Start of Block
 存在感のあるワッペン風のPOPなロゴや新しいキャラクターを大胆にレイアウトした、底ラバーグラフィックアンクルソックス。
End of Block
Start of Block
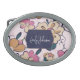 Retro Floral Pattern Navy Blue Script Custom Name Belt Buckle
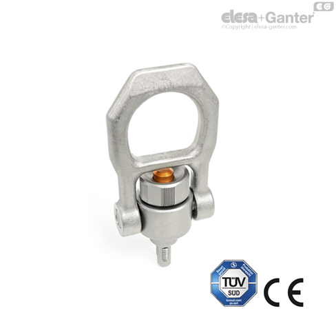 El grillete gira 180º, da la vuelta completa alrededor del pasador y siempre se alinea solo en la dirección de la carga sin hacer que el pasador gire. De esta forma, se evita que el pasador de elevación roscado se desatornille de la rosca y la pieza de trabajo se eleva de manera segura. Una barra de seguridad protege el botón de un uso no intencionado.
End of Block
Start of Block
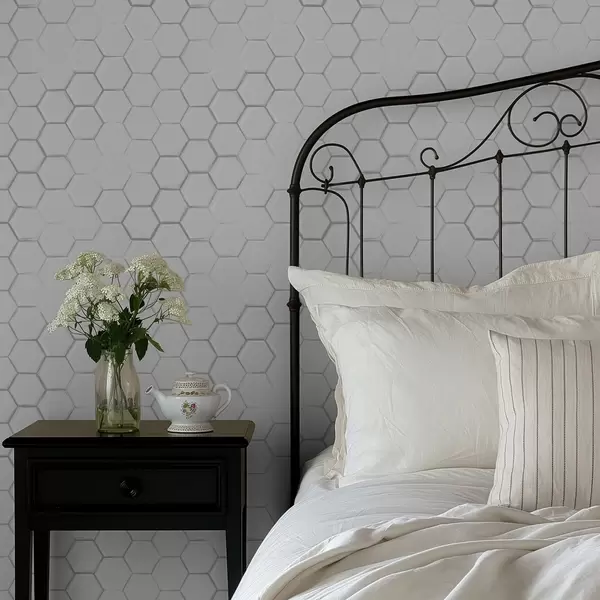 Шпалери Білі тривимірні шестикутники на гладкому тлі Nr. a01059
End of Block
What the exercise asks -> Look above for the line with "Retro Floral Pattern" and the line with "El grillete gira", then copy exactly the lines from the first through the second, both kept, with no pictures.

Result for this task ->
 Retro Floral Pattern Navy Blue Script Custom Name Belt Buckle
 El grillete gira 180º, da la vuelta completa alrededor del pasador y siempre se alinea solo en la dirección de la carga sin hacer que el pasador gire. De esta forma, se evita que el pasador de elevación roscado se desatornille de la rosca y la pieza de trabajo se eleva de manera segura. Una barra de seguridad protege el botón de un uso no intencionado.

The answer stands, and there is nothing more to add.